== Collected material

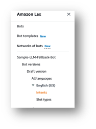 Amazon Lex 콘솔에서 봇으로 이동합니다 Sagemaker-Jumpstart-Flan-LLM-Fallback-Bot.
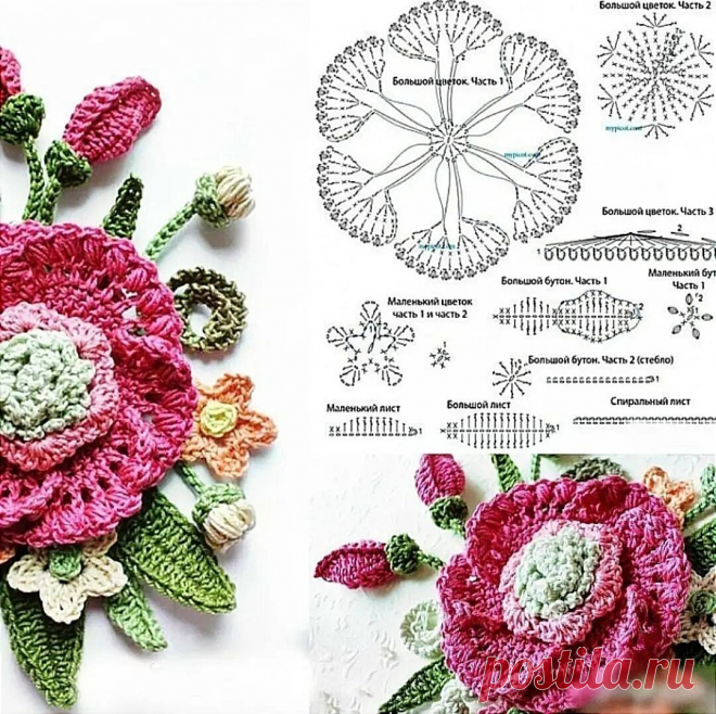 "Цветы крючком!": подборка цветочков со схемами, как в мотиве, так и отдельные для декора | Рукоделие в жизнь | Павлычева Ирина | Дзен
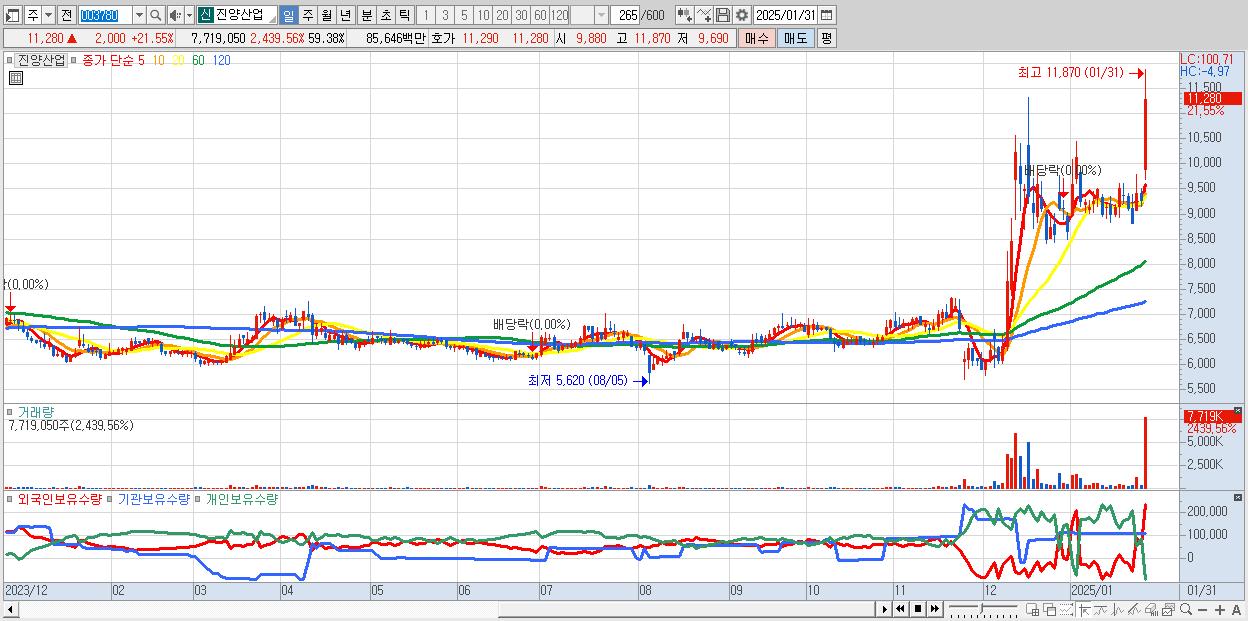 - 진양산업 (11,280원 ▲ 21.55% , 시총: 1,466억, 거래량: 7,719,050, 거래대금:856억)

====

• **The task**
Only the pictures are dropped. Otherwise, write out the listing exactly.

• **Result below**
 Amazon Lex 콘솔에서 봇으로 이동합니다 Sagemaker-Jumpstart-Flan-LLM-Fallback-Bot.
 "Цветы крючком!": подборка цветочков со схемами, как в мотиве, так и отдельные для декора | Рукоделие в жизнь | Павлычева Ирина | Дзен
 - 진양산업 (11,280원 ▲ 21.55% , 시총: 1,466억, 거래량: 7,719,050, 거래대금:856억)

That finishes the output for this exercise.